It's worth noting that the XHTML specification (via either the transitional DTD or the strict DTD) requires that the XHTML namespace be the default namespace, but there is no requirement that an XHTML fragment in an Atom feed use the default namespace.

Next, some really simple functions to wrap content in elements:

-- Format a clopen element with a list of attributes.
clopen :: String -> [(String,String)] -> String
clopen s [] = "<" ++ (prefix s) ++ "/>"
clopen s xs = "<" ++ (prefix s) ++ (nv_to_s "" xs) ++ "/>"

-- Wrap a string in an element.
wrap :: String -> String -> String
wrap s t = "<" ++ (prefix s) ++ ">" ++ t ++ "</" ++ (prefix s) ++ ">"

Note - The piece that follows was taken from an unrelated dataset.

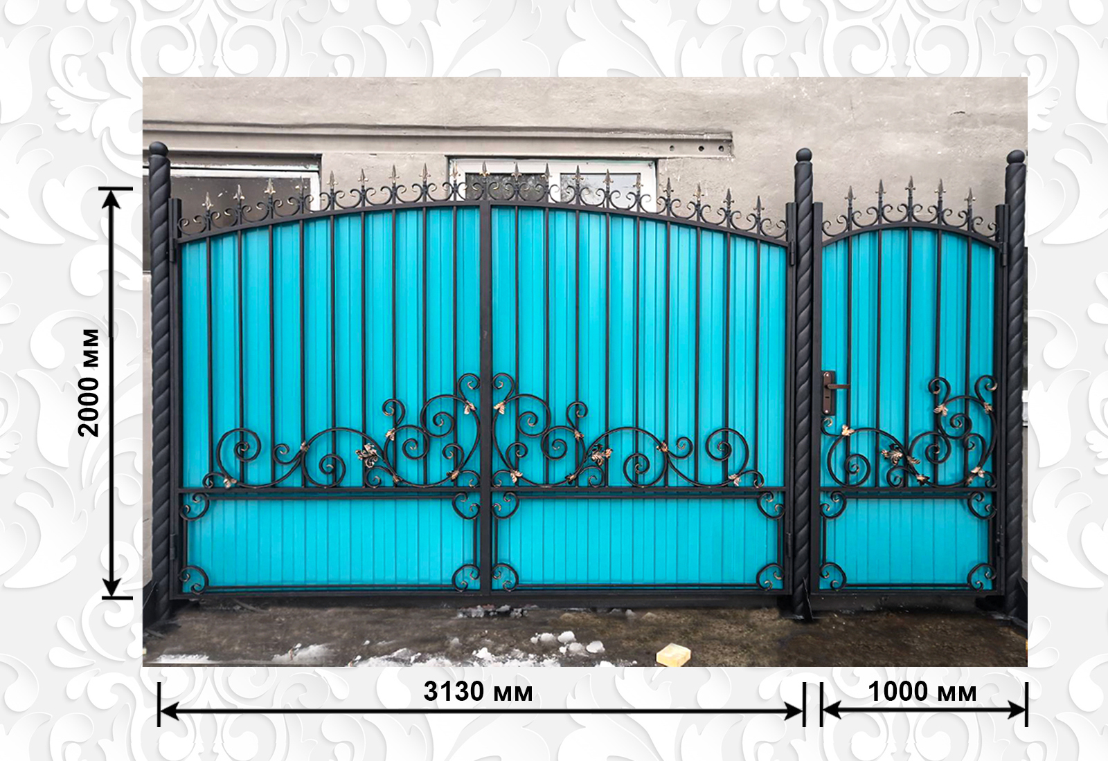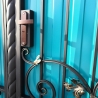 Каркас 40х20, кованые элементы, листочки кованые, покраска с патинированием, засов+упоры, шарниры, нащельник, профнастил цвет на выбор, 0,45 толщина, замок с ручкой "Гардиан"Наличие

-- If a value is present (i.e., not Nothing), wrap it in an element.
wrap_m :: String -> Maybe String -> String
wrap_m _ Nothing = ""
wrap_m s (Just t) = wrap s t

-- Wrap an element with attributes around a string.
wrap_ :: String -> [(String,String)] -> String -> String
wrap_ s [] t = wrap s t
wrap_ s xs t = "<" ++ (prefix s) ++ (nv_to_s "" xs) ++ ('>':t)
               ++ "</" ++ (prefix s) ++ ">"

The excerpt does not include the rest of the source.